I sit in front of my computer checking email and my gaze wandered off to ‘my garden.’ I see Stinging nettles leaves and blades of wheatgrass glisten in the morning sun, dew drops perched at the tips of each blade of grass, defying gravity. The first leaves of the sunflower patch are just beginning to stretch out of their shells, as if relieved to finally greet the sun. The wheatgrass and sunflower sprouts are inside a 12×12 planting tray; the nettles are in 24×8x8 planter ‘box.’ They sit on a 15×24 redwood table by the living room window of my apartment. This is my indoor garden.
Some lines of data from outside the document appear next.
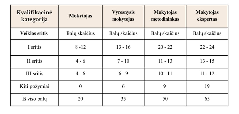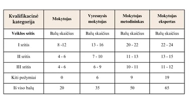 Mokytojui, pretenduojančiam įgyti atitinkamą kvalifikacinę kategoriją privalu surinkti lentelėje nurodytą balų skaičių.
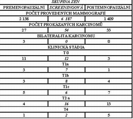 - Pouze 16 karcinomů ne screeningové skupiny bylo hmatných (26,7%).
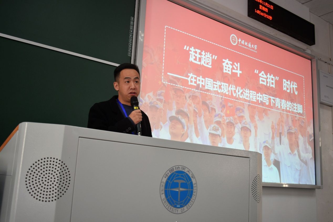 最后,学院党委副书记熊程作主题报告《“赶趟”奋斗 “合拍”时代——在中国式现代化进程中写下青春的脚步》。熊程指出,新时代为青年提供了广阔的发展空间和无限的可能,但同时也伴随着激烈的竞争和复杂的社会环境。因此,青年们需要不断提升自我,增强本领,才能更好地适应时代发展的需要,实现个人价值与社会价值的统一。
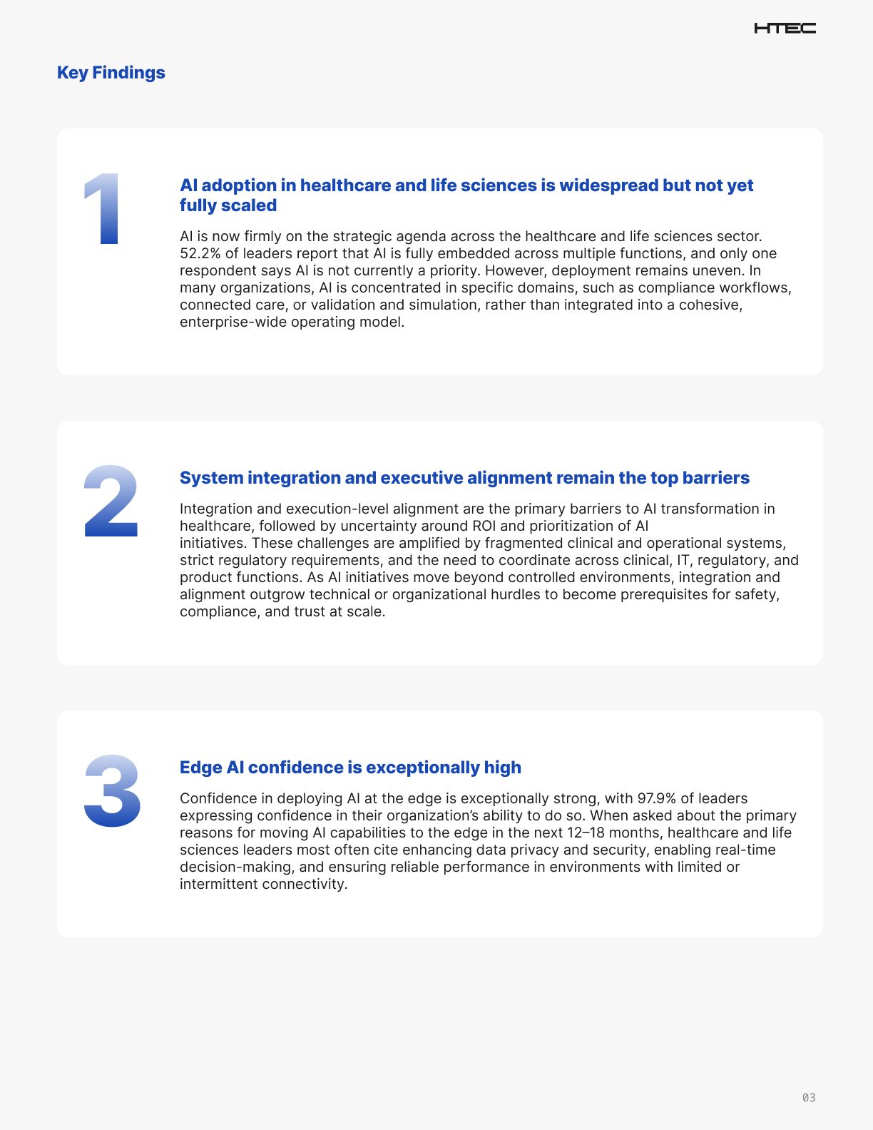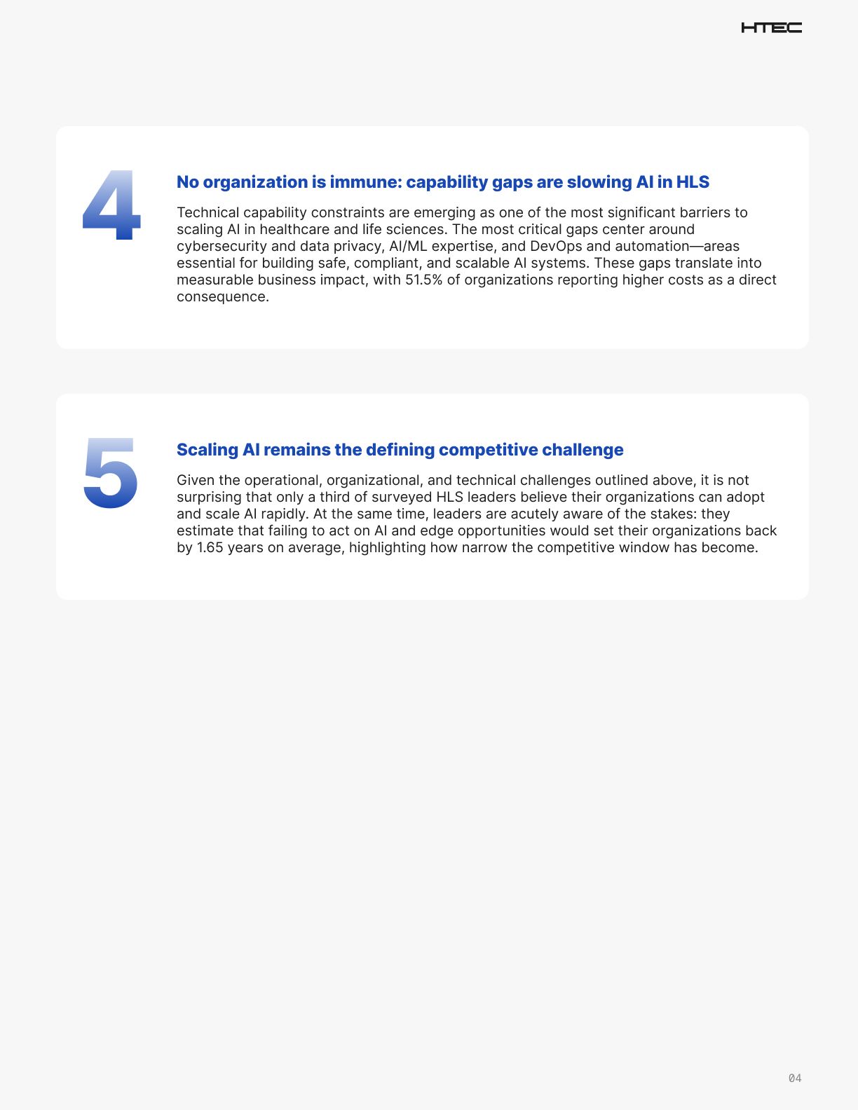 Our experience with healthcare and life sciences clients at HTEC reflects these findings. Organizations are making real progress in areas such as AI-driven compliance, connected and remote care, simulation and validation, and treatment optimization. But the next challenge is turning those targeted advances into repeatable, organization-level value across highly regulated and operationally complex environments.
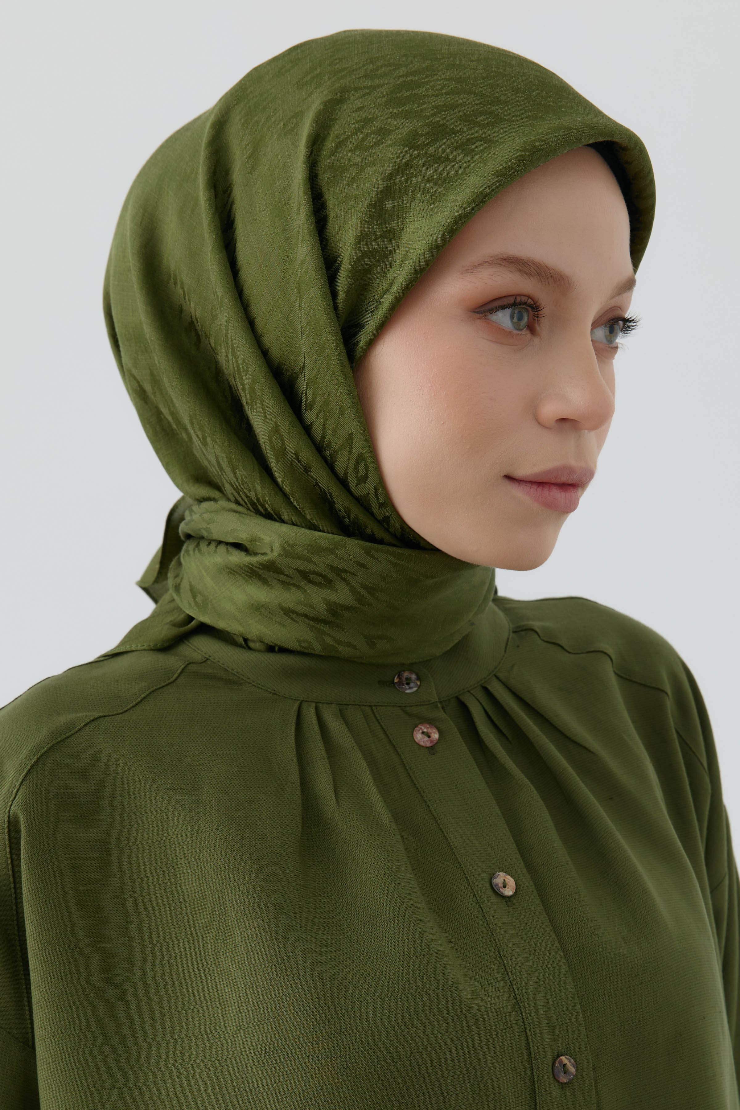 Écharpe naturelle à motif ikat ethnique Nida - Kaki
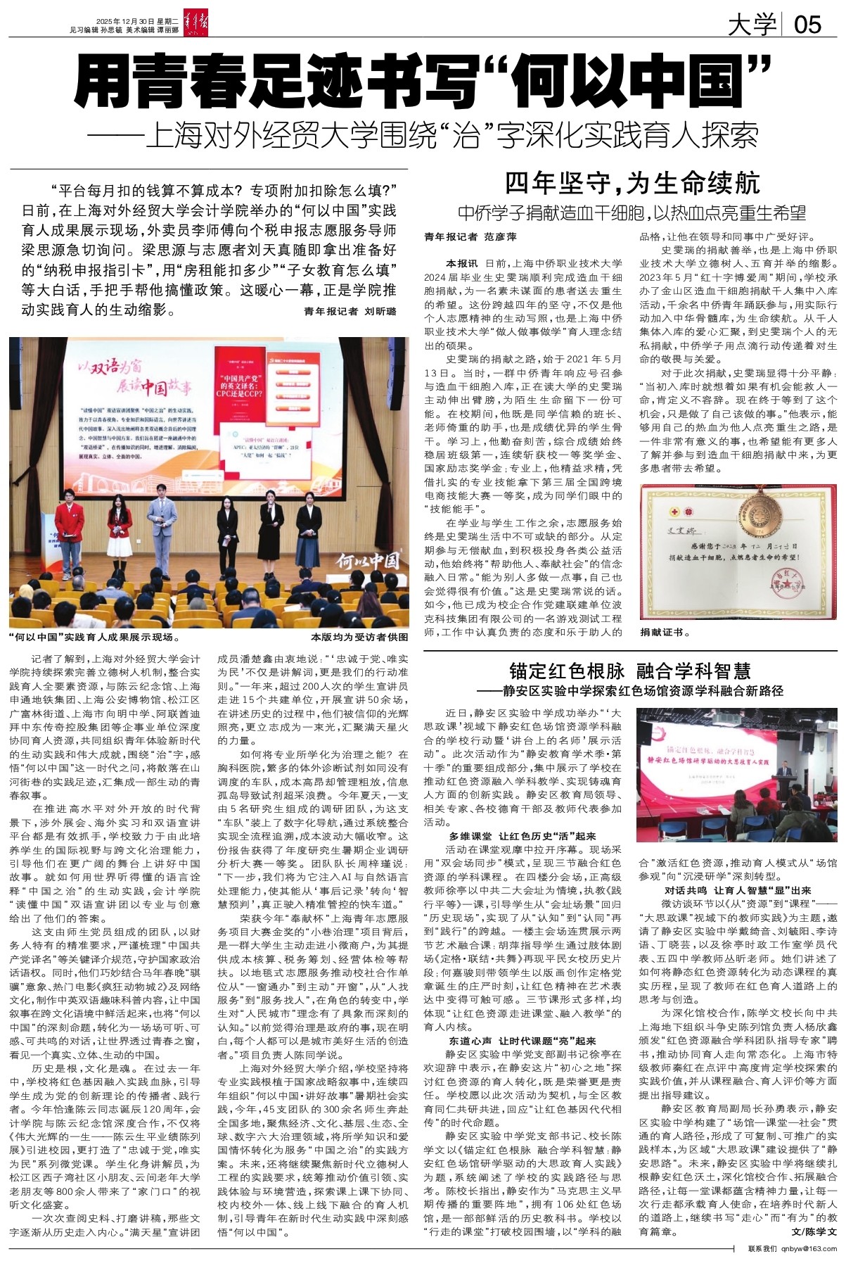 记者了解到,上海对外经贸大学会计学院持续探索完善立德树人机制,整合实践育人全要素资源,与陈云纪念馆、上海申通地铁集团、上海公安博物馆、松江区广富林街道、上海市向明中学、阿联酋迪拜中东传奇控股集团等企事业单位深度协同育人资源,共同组织青年体验新时代的生动实践和伟大成就,围绕“治”字,感悟“何以中国”这一时代之问,将散落在山河街巷的实践足迹,汇集成一部生动的青春叙事。
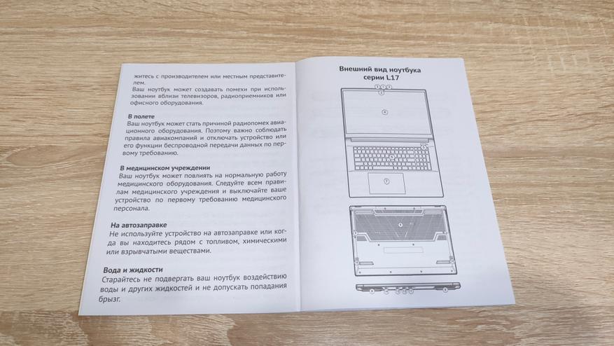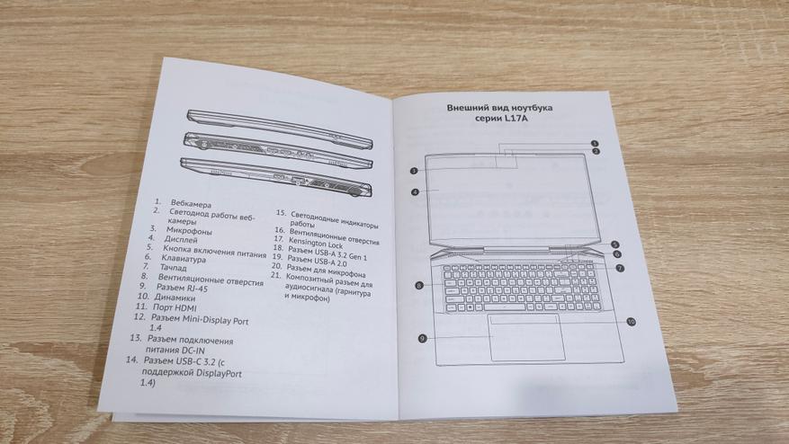 Адаптер питания такой же, как и был в модели L15, нет смысла менять его, если мощность соответствует, к тому же, блоки питания обычно имеют небольшой запас с превышением максимальной мощности, но непродолжительное время. Тем более, вендор, который изготовил данный блок известный, а его продукция встречается в комплекте со многими устройствами A/B брендов. Руководство пользователя кратко, но емко рассказывает об устройстве, а точнее, о серии устройств, т.к. оно общее для целой линейки ноутбуков.
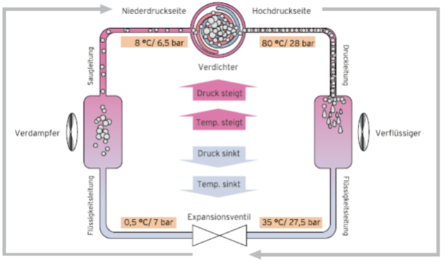 Der Verdichter (Kompressor) ist das Herzstück der Anlage. Hier wird das gasförmige Kältemittel zunächst verdichtet. Da dies in einem geschlossenen System geschieht, kommt es zu einem Druck- und Temperaturanstieg des Kältemittels. Dabei steigt die Temperatur des Kältemittels über die der Umgebungstemperatur und stellt somit sicher, dass die Wärmeabgabe des Kältemittels nach
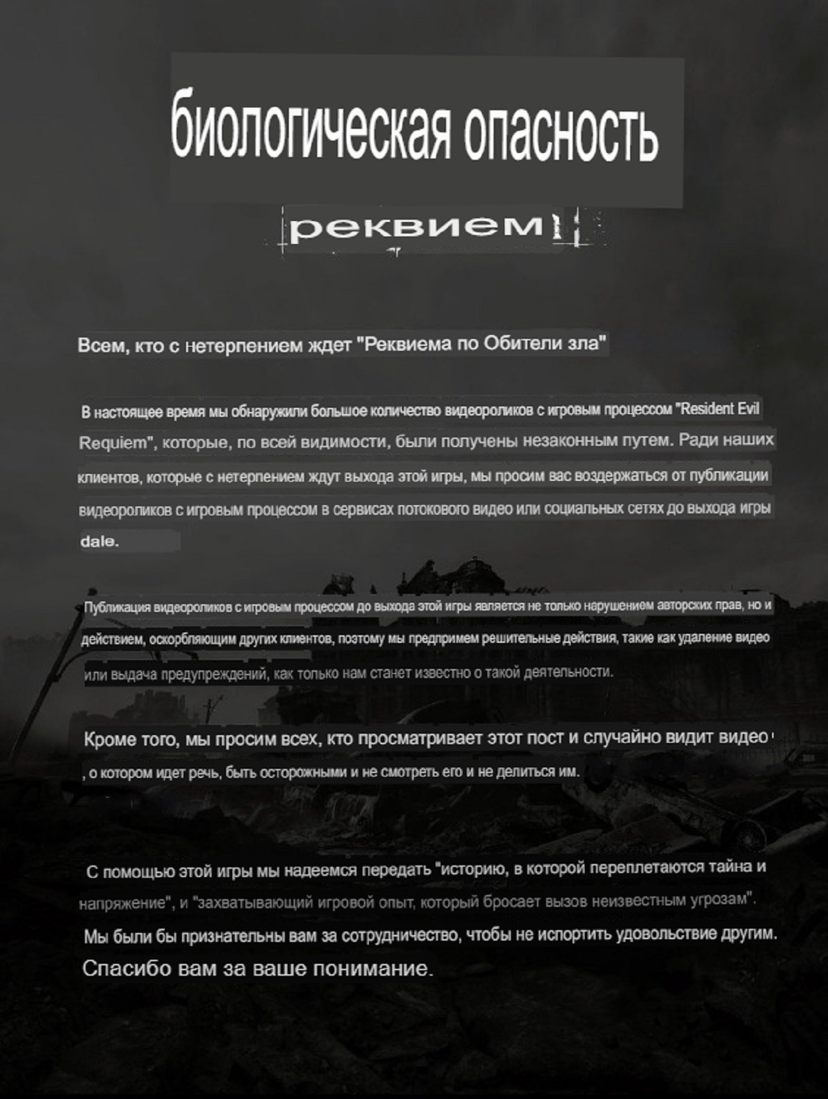 Capcom пообещала бороться с распространением информации о сюжете Resident Evil Requiem до релиза, который состоится 27 февраля на PC, PlayStation 5, Nintendo Switch 2 и Xbox Series. По мнению японской компании, публикация утечек — это и неуважение к сообществу ценителей видеоигр, и нарушение авторских прав.

My ‘outdoor’ garden is on the other side of my apartment’s windows. Two planter boxes outside my bedroom and two outside my living room window. Those planter boxes contain various species of rosemary, Hypericum perforatum (St. John’s Wort), nasturtiums, chives, mint, and pineapple sage. In my back porch, I also have hibernating echinacea purpureas, thyme, oregano and more rosemary. Soon my nettles will migrate over there. They might be happier there. I don’t know. This is an experiment.
All these plants have nourished both my body and soul. It is joy to say hello first thing in the morning. I could gaze at those dew drops for hours! And when I catch myself doing that, I find that there seems to be a smile permanently etched on my face.
I am thankful for my garden. Although my apartment is in the middle of an urban area, it gives me the feeling I have my little cottage in the woods. More on that later.